The topic was a main point of discussion in three days of meetings between the pope and a group of nine cardinals from the around the world who gather four times a year at the Vatican to discuss reform, Church finances and other issues.

Vatican spokesman Greg Burke said they had discussed “various options” to shorten procedures in cases of abuse.

They are currently handled by the Congregation for the Doctrine of the Faith (CDF), the Vatican’s doctrinal department.

Burke said that among the options discussed was to decentralize procedures by setting up regional tribunals that would hear cases under the auspices and guidance of the CDF.

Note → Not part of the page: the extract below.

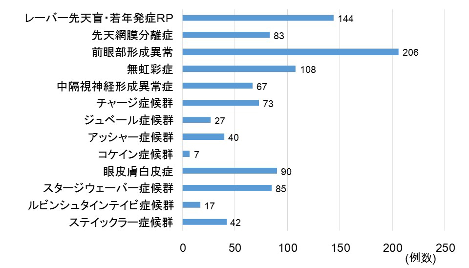 中隔視神経形成異常症、チャージ症候群、ジュベール症候群、アッシャー症候群、 コケイン症候群、眼皮膚白皮症、スタージウェーバー症候群、ルビンシュタインテイビ症候群、ステイックラー症候群

The CDF hears canonical cases, applying Church laws that could lead to the defrocking of accused priests if found guilty. The Church procedures are distinct from criminal procedures in civilian courts in places where the crime is committed.

Cardinal Sean O‘Malley of Boston, the city where the worldwide crisis of sexual abuse first exploded, and a key adviser of the pope, is studying the decentralization proposal.

The proposal followed intense criticism of the pope for defending a bishop in Chile accused of covering up sexual abuse.